We are many who were raised under this system of punishing emotional beliefs, being conditioned from a very early age to feel emotionally bad under certain conditions.

What Is Guilt And How Do We Inoculate It?

When someone gives us a message in order to make us feel “bad people”, for having done or said something “inappropriate”, we respond immediately with a feeling of discomfort and punishment.

This is mainly because our mind responds automatically to what is learned during childhood. Some of the psychological systems of guilt we employ in our lives are as follows.

1.Residual Guilt

Residual guilt is that learned during our childhood, since parents often use it every day to manipulate us with reproaches like,” I won’t love you if you do that again “or”you should feel ashamed of that attitude.” These phrases can echo in our adult self in figures such as bosses or paternal images, it can also be evidenced in our relationships as a couple, where reproaches of the past come to light. This feeling of guilt is reflected in our persistent attempt to get the approval of these figures.

2.Self-Imposed Guilt

Self-imposed guilt is not necessarily connected to our childhood. Here people feel immobilized by issues experienced during adulthood, self-imposed guilt caused by not following “adult behavior” or” adult moral code”. The person may have a bad mood for a long time, even though the pain of guilt can do nothing to change the situation. These are reflected in our discussions with someone, or by engaging in behavior contrary to others.

Examining The Concern

Remember that the worry is a feeling that immobilizes you in the present for something that has not yet happened and as it says its word pre (before) occupation, means before any occupation, so we must focus our attitude in dealing with adversity rather than worry. It is essential not to make mistakes in making plans by falling into thoughts of fear and anxiety.

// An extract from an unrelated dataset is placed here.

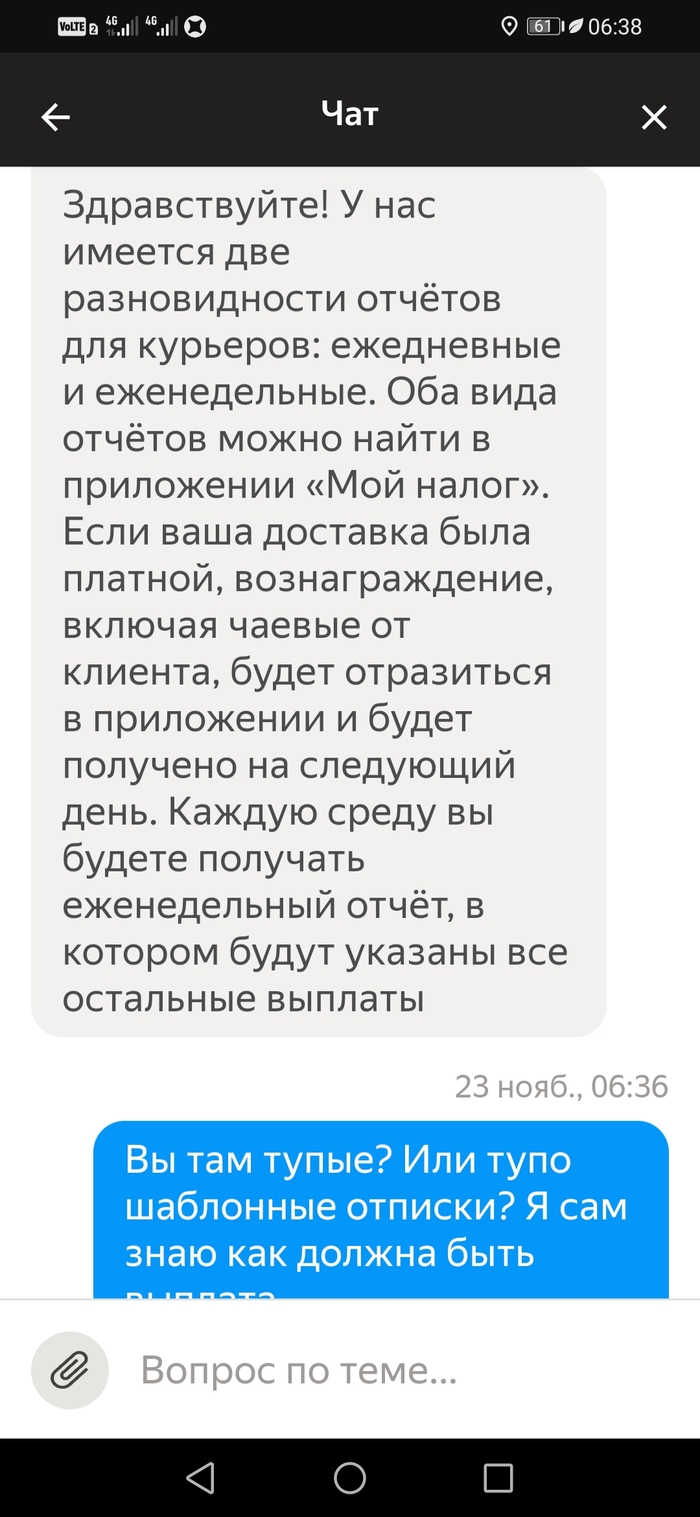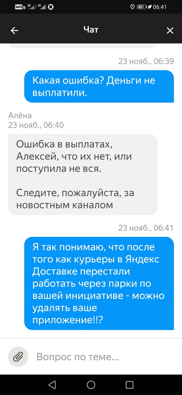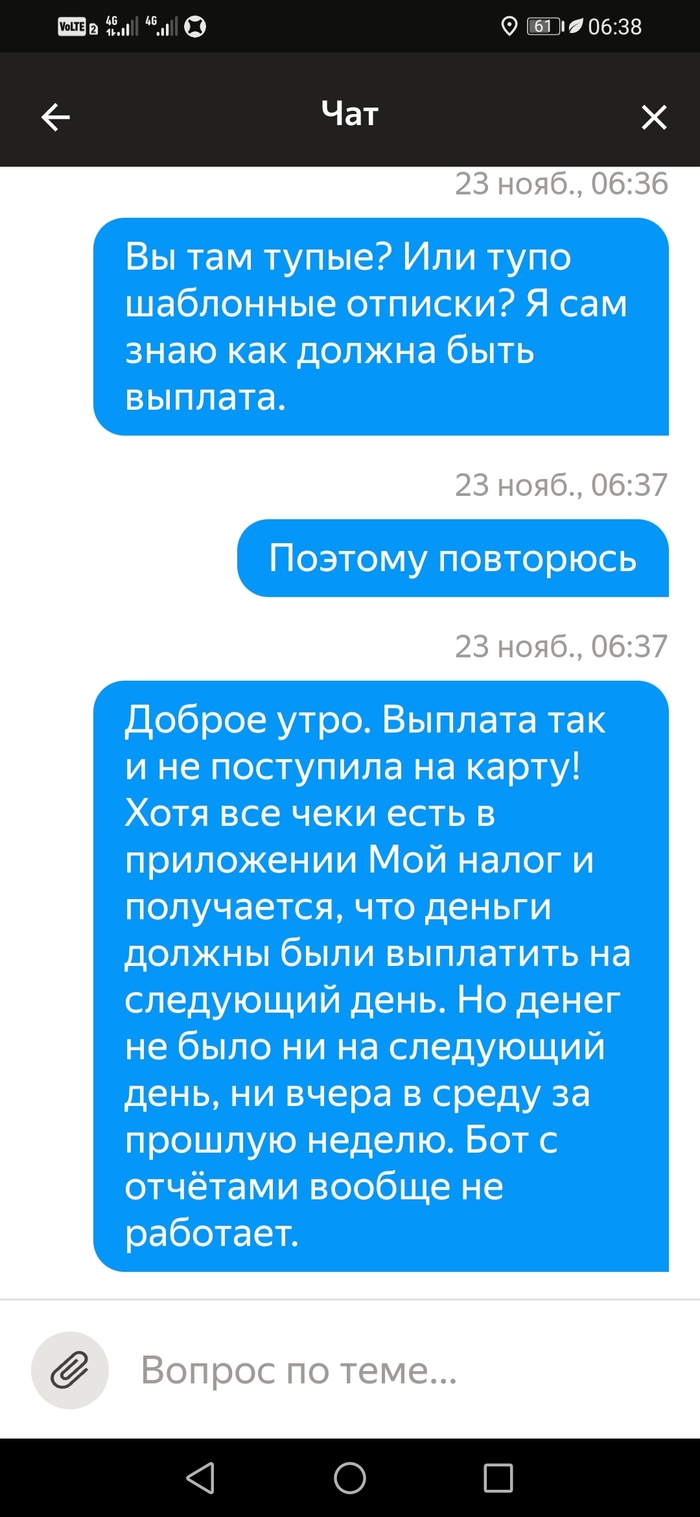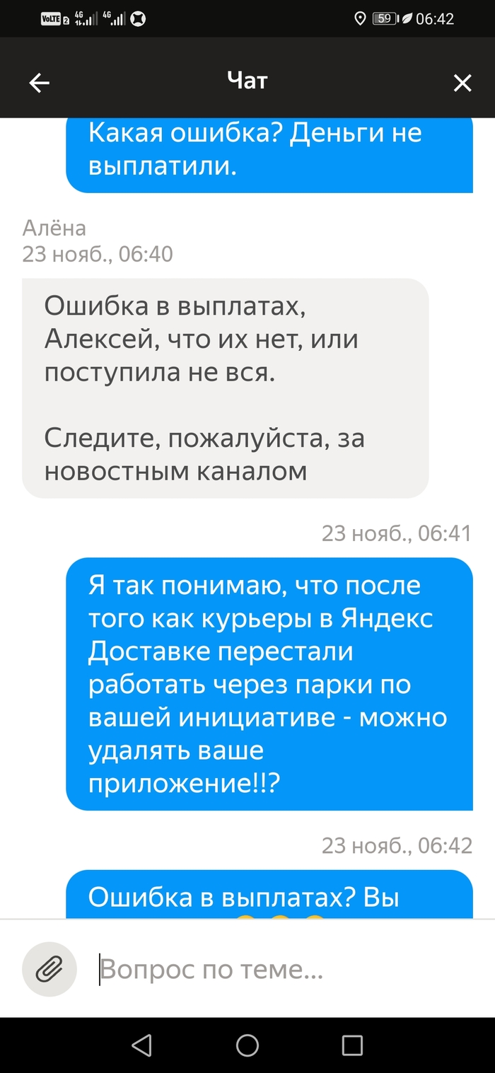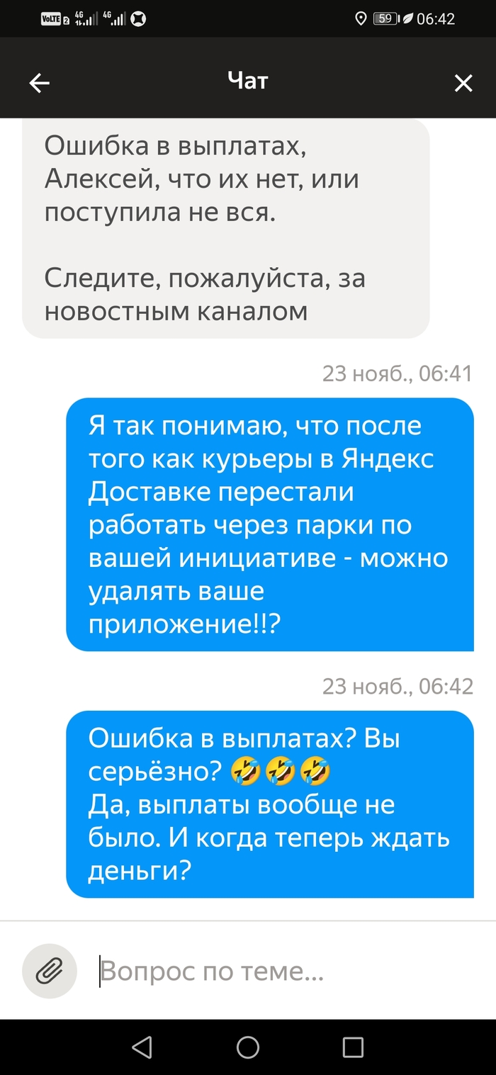 Подбесило это. Я написал им, что не выйду на плановые слоты пока не будет выплаты за прошлую неделю. В итоге 3 слота отменил сам, а один никак. Потому что отмена слота в тот же день когда стоит слот не возможна. Только через поддержку и с корректировкой. Которая считается как минималка в час умножанная на количество часов слота. Итого 150×6=900рублей за отмену слота день в день. И это 6-и часовой слот. А если больше?
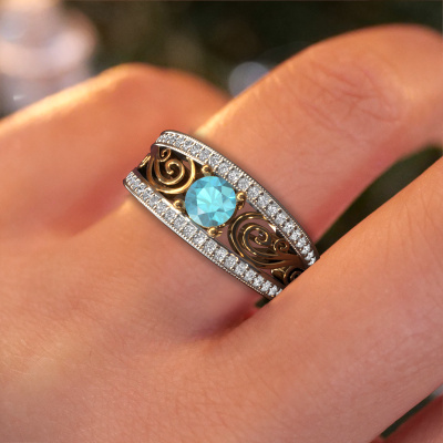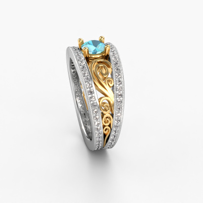 Dieser Filigrane Verlobungsring aus 14 Karat Weißgold mit 5 mm Blau Topas heißt Julliana. Für Sie gibt es nur eine Person in Ihrem Leben, die in einer Menschenmenge auffällt. Nur eine, die Ihr Herz höherschlagen lässt. Ein wahres Juwel! Sie verdient vor allem ein besonderes Geschenk. Ein einzigartiges, maßgefertigtes Schmuckstück, das allein zu ihren Ehren angefertigt wurde. Wir glauben, dass dieser Ring perfekt für Ihren besonderen Moment ist. Jedes Detail dieses exklusiven, Weißgold Pavé Solitär Verlobungsring wird von Hand ausgewählt, bearbeitet und poliert - von unserem erfahrenen Juwelier in unserem eigenen Studio. Wir streben nach dem perfekten Design und der Zusammensetzung des Rings, damit er die einzigartigen Eigenschaften unserer Blaue Topas unterstreicht und sie noch heller erstrahlen lässt. Es braucht viel Präzision, aber am Ende zahlt es sich wegen der Schönheit des Rings aus. Und das ist unser Hauptziel. Das ist es, was uns begeistert. Das Besondere an unserem Konfigurator ist dass Sie selbst einem Schmuckstück zusammenstellen können zu einem eigenen persönlichen Schmuckstück. Dieser Pavé Solitär Verlobungsring ist gefertigt in der Edelmetall Kombination Weißgold mit Gold, aber Sie können also auch wählen aus anderen Farben. Jedes Schmuckstück wird von unseren Meister-Goldschmieden in unserem eigenen Studio für Sie gefertigt.. Mit unserer modernen Technik können wir Schmuckstücke von höchster Qualität mit größter Sorgfalt für Sie entwerfen und anpassen. Unsere Verlobungsringe sind immer um 30 Prozent günstiger als bei anderen Juwelieren. Wir fertigen Verlobungsringe auf Bestellung, also müssen wir keine großen Lager unterhalten. Wenn Sie ein bestimmtes Budget haben, beraten wir Sie gerne entsprechend.Unser Team fügt unserer Online-Kollektion täglich neue Designs hinzu. Unsere Designer und Goldschmiede arbeiten zusammen, um das beste Design zu kreieren. Wir bemühen uns, eine vielfältige Kollektion von Schmuckstücken anzubieten. Vielleicht haben Sie ein bestimmtes Design im Sinn. Eines, dass Sie irgendwo gesehen haben. Gerne geben wir Ihnen eine kostenlose Beratung. Wir machen Ihnen ein Angebot, basierend auf einem fairen Preis/Leistungsverhältnis, das Sie verblüffen wird.Um es einfacher zu machen, bieten wir eine kostenlose 30-tägige Rücksendung.

Again it all starts with the erroneous idea that concern is closely related to love and importance to others, this can be evidenced in phrases such as: “I worry because I love you” or “you must worry about your future”. But worry has no relation to love and importance, as this emotion only causes anxiety and suffering in our life.

Releasing Our Negative Emotions

To leave negative emotions like guilt and worry, we must commit ourselves to live our present moment. Learning to live in the now helps us not to waste our moments with neurotic thoughts and to be able to see life in a more constructive and rational way.

Now that you already have a greater sense of the psychological system that exists behind these negative emotions, you will be able to work better with your emotions in pursuit of a less manipulative personal development and more committed to your own happiness.